Set down each line of the records once more, precisely, and omit the pictures.

Records contained in a dataset
-- Opening Marker --

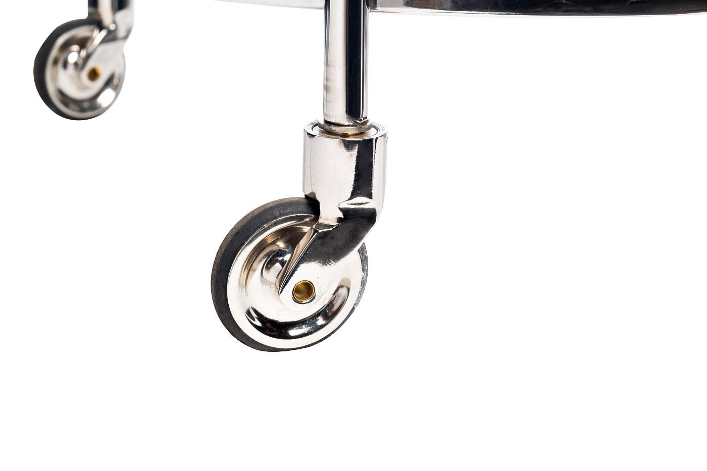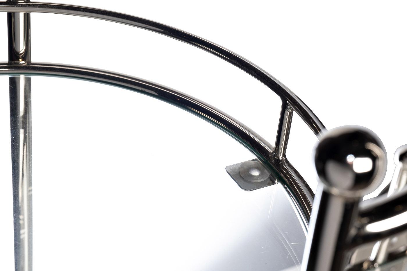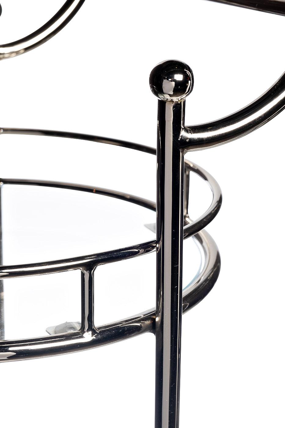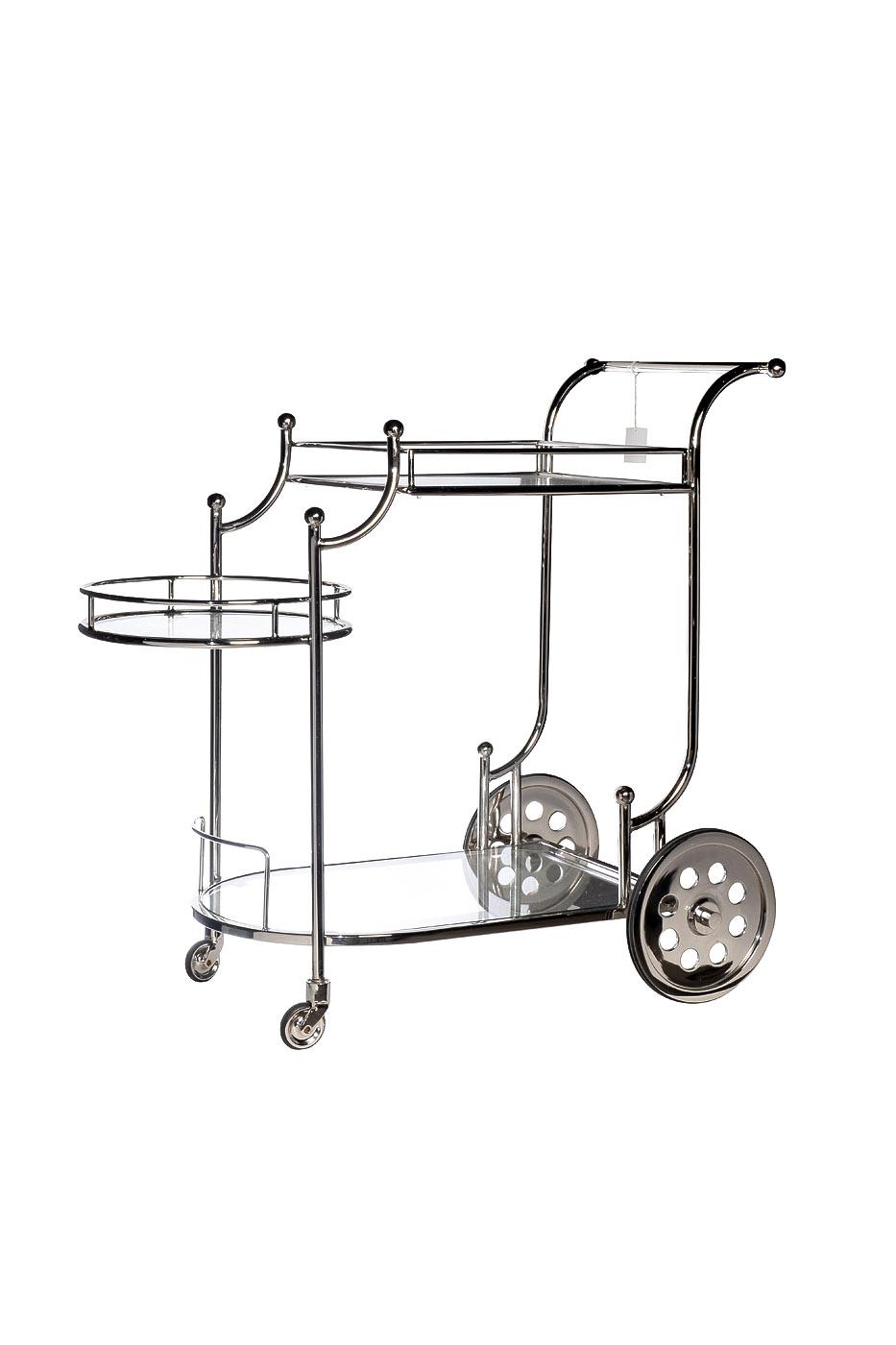 description-full - Элегантная сервировочная тележка в стиле ар-деко: плавные линии, воздушность, сочетание стекла и металла. Все детали вместе придают изделию легкость, изящество и функциональность. Двухъярусная сервировочная тележка оригинальной формы имеет три полки. На них разместятся закуски и вино; отдельно можно поставить тарелку с фруктами или сладостями. Тележка может стать практичным и очень стильным элементом декора комнаты. Массивные задние колеса служат делают тележку устойчивой во время движения, а маленькие передние придают маневренность.
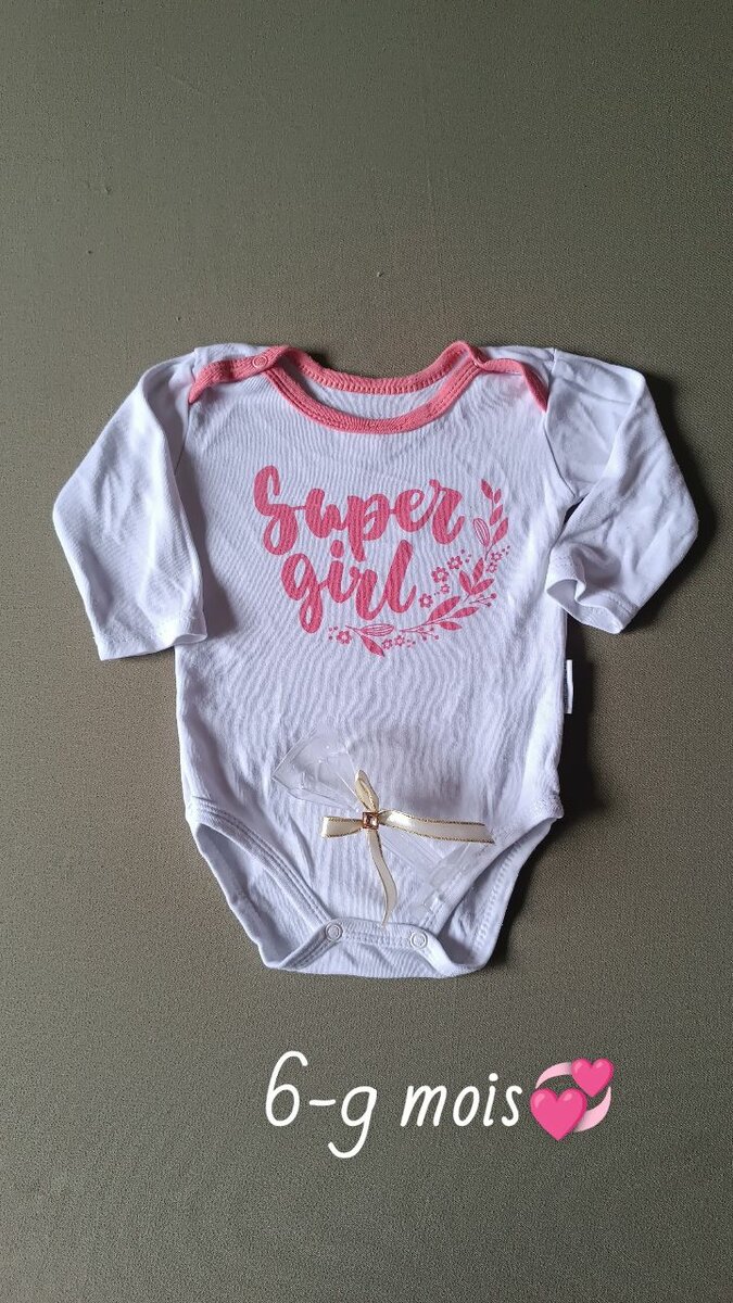 Adorable body pour bébé fille avec inscription "Super Girl". Fabriqué en coton doux pour un confort optimal. Parfait pour les petites héroïnes de 6 à 9 mois. Cadeau idéal pour une naissance ou un anniversaire.
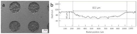 Figure 3 shows the surface topography of the micro-dimpled cylinder liner and a two-dimensional (2D) profile of a single micro-dimple. It presents a regular shape with the parameters of ~822 μm in diameter and ~44 μm in depth. Compared with the laser texturing technology, REJP machining technology without high-temperature evaporation can retain the graphite sheets in micro-dimpled textures. These graphite sheets are helpful to form the solid lubrication at the contact area [
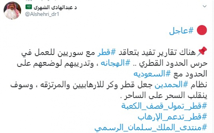 وكتب في تغريدة عبر "تويتر" رصدها "المشهد العربي": "هناك تقارير تفيد بتعاقد قطر مع سوريين للعمل في حرس الحدود القطري .. الهجانه ، وتدريبهم لوضعهم على الحدود مع السعودية".
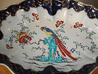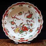 八角皿 (1750-1752) Raised Anchor Period 色絵鳳凰松竹梅柴垣文写し
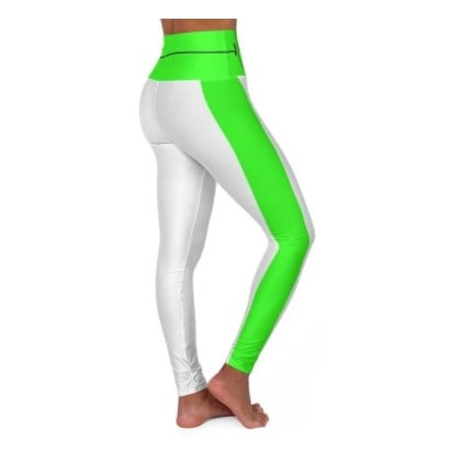 Leggings Full Length High-Waisted White & Neon Green With Bordered Heartbeat Graphic
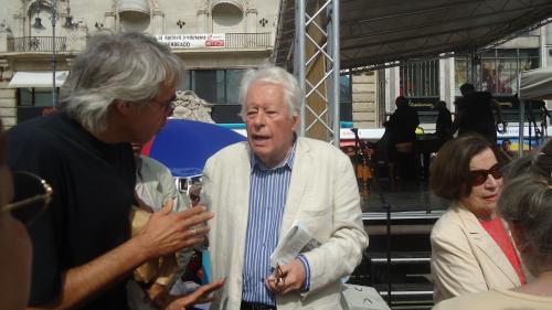 Antall István bevezetésképp megosztotta a hallgatósággal azt az anekdotát, hogy mire Ferdinandy György nevét megtanulták volna a franciák, Dél-Amerikába költözött, és elkezdett spanyolul írni. Az írót fia új kötetéről kérdezte, melyről néhány szót már az ünnepi beszédben is hallhattunk. Ferdinandy elmesélte, hogy Michel a dijoni orvosi egyetemet hagyta ott (unalmasnak találta), mielőtt nekivágott volna, hogy körbekerékpározza a Földközi-tengert. „Atyai kód”-e a vándorlás szeretete? – kérdezte Antall István, és Ferdinandy György egyértelmű igennel válaszolt. Sőt, oly mértékig „összemosódtak” a Michel úti élményeiből született kötet kapcsán, hogy tévedésből Ferdinandy György neve került szerzőként a könyvre, és mivel fia nincs Budapesten, ő is fogja helyette dedikálni.
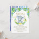 Boys safari themed 1st birthday invitations, featuring the cutest baby elephant with polka dot ears. The word "wild one" in a glittery gold just above the baby elephant, green and blue tropical foliage and an ombre watercolor stripe on the back. Easily personalise this cute modern invitation template with your event details.
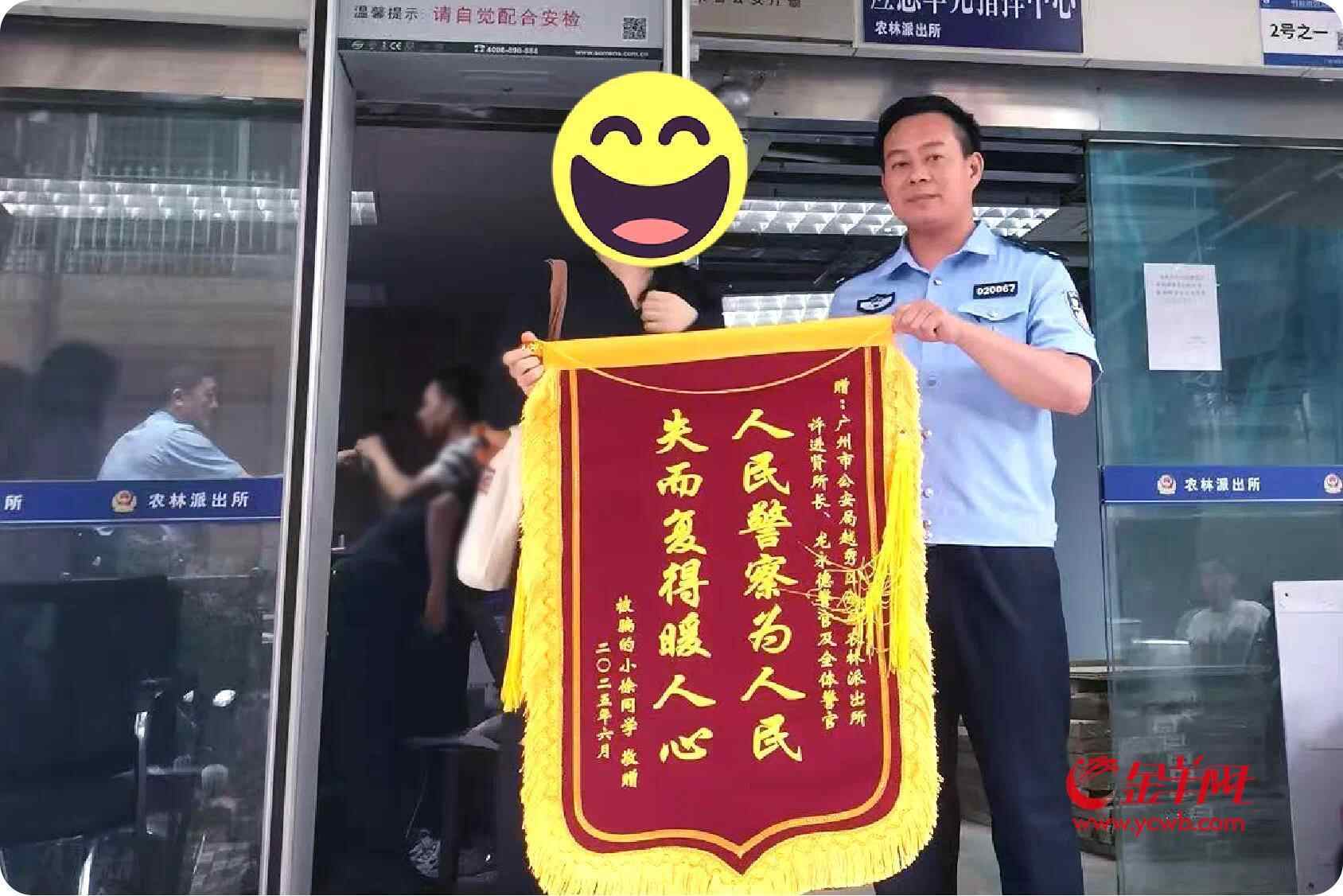 “人民警察为人民,失而复得暖人心”。近日,大学生徐同学将写着烫金大字的锦旗送到广州市公安局越秀区分局农林派出所,感谢民警帮其全额追回被骗资金。
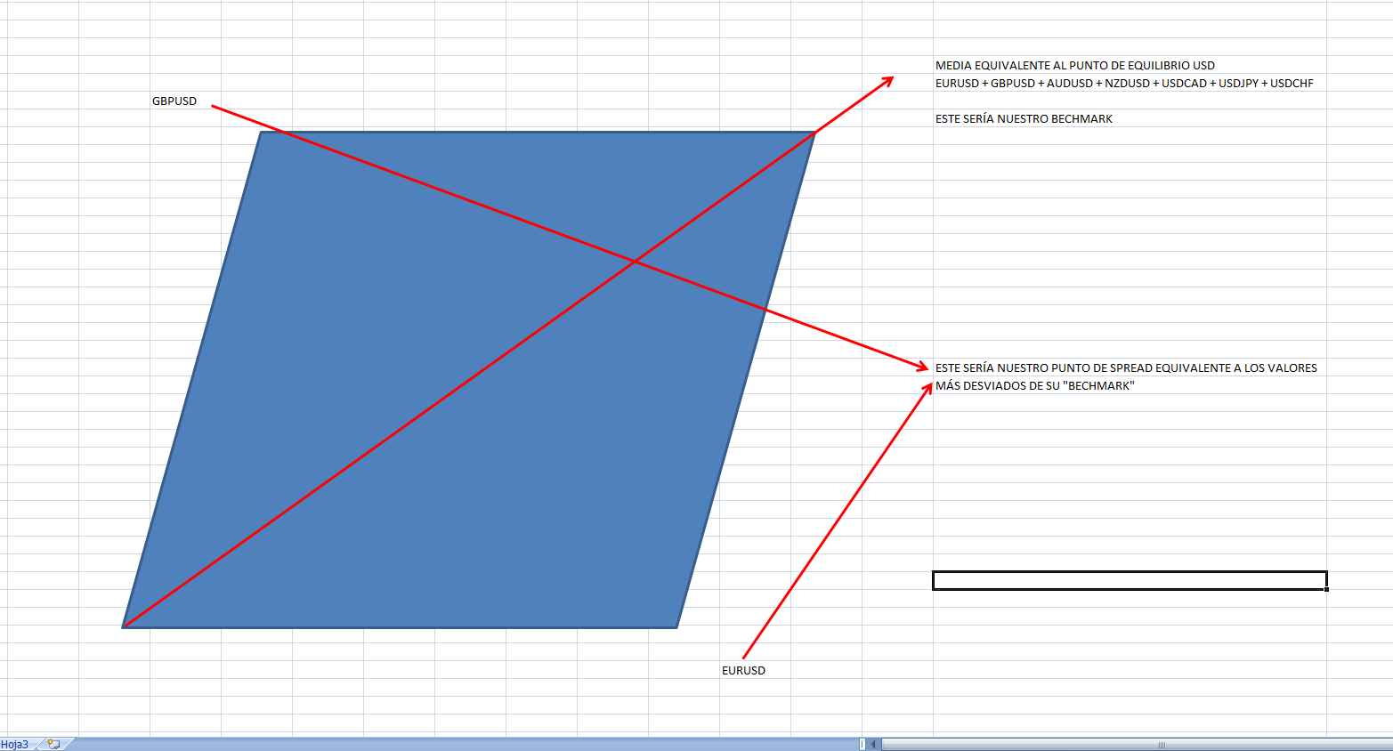 Lo que trataba de decir con el Benchmark, es más o menos sacar un valor o precio de referencia en PIPS. Sabiendo esto se puede determinar la desviación de cada uno de los cruces que lo componen. Lo ideal sería hacerlo como Reuters (160 cruces de divisas), pero sería complicadísimo encontrar cotización en TR. Si lo piensas mejor, las 8 monedas principales abarcan mucho % del total, luego el resto es opcionalmente desechable.

-- Closing Marker --

* _Result for this exercise_
 description-full - Элегантная сервировочная тележка в стиле ар-деко: плавные линии, воздушность, сочетание стекла и металла. Все детали вместе придают изделию легкость, изящество и функциональность. Двухъярусная сервировочная тележка оригинальной формы имеет три полки. На них разместятся закуски и вино; отдельно можно поставить тарелку с фруктами или сладостями. Тележка может стать практичным и очень стильным элементом декора комнаты. Массивные задние колеса служат делают тележку устойчивой во время движения, а маленькие передние придают маневренность.
 Adorable body pour bébé fille avec inscription "Super Girl". Fabriqué en coton doux pour un confort optimal. Parfait pour les petites héroïnes de 6 à 9 mois. Cadeau idéal pour une naissance ou un anniversaire.
 Figure 3 shows the surface topography of the micro-dimpled cylinder liner and a two-dimensional (2D) profile of a single micro-dimple. It presents a regular shape with the parameters of ~822 μm in diameter and ~44 μm in depth. Compared with the laser texturing technology, REJP machining technology without high-temperature evaporation can retain the graphite sheets in micro-dimpled textures. These graphite sheets are helpful to form the solid lubrication at the contact area [
 وكتب في تغريدة عبر "تويتر" رصدها "المشهد العربي": "هناك تقارير تفيد بتعاقد قطر مع سوريين للعمل في حرس الحدود القطري .. الهجانه ، وتدريبهم لوضعهم على الحدود مع السعودية".
 八角皿 (1750-1752) Raised Anchor Period 色絵鳳凰松竹梅柴垣文写し
 Leggings Full Length High-Waisted White & Neon Green With Bordered Heartbeat Graphic
 Antall István bevezetésképp megosztotta a hallgatósággal azt az anekdotát, hogy mire Ferdinandy György nevét megtanulták volna a franciák, Dél-Amerikába költözött, és elkezdett spanyolul írni. Az írót fia új kötetéről kérdezte, melyről néhány szót már az ünnepi beszédben is hallhattunk. Ferdinandy elmesélte, hogy Michel a dijoni orvosi egyetemet hagyta ott (unalmasnak találta), mielőtt nekivágott volna, hogy körbekerékpározza a Földközi-tengert. „Atyai kód”-e a vándorlás szeretete? – kérdezte Antall István, és Ferdinandy György egyértelmű igennel válaszolt. Sőt, oly mértékig „összemosódtak” a Michel úti élményeiből született kötet kapcsán, hogy tévedésből Ferdinandy György neve került szerzőként a könyvre, és mivel fia nincs Budapesten, ő is fogja helyette dedikálni.
 Boys safari themed 1st birthday invitations, featuring the cutest baby elephant with polka dot ears. The word "wild one" in a glittery gold just above the baby elephant, green and blue tropical foliage and an ombre watercolor stripe on the back. Easily personalise this cute modern invitation template with your event details.
 “人民警察为人民,失而复得暖人心”。近日,大学生徐同学将写着烫金大字的锦旗送到广州市公安局越秀区分局农林派出所,感谢民警帮其全额追回被骗资金。
 Lo que trataba de decir con el Benchmark, es más o menos sacar un valor o precio de referencia en PIPS. Sabiendo esto se puede determinar la desviación de cada uno de los cruces que lo componen. Lo ideal sería hacerlo como Reuters (160 cruces de divisas), pero sería complicadísimo encontrar cotización en TR. Si lo piensas mejor, las 8 monedas principales abarcan mucho % del total, luego el resto es opcionalmente desechable.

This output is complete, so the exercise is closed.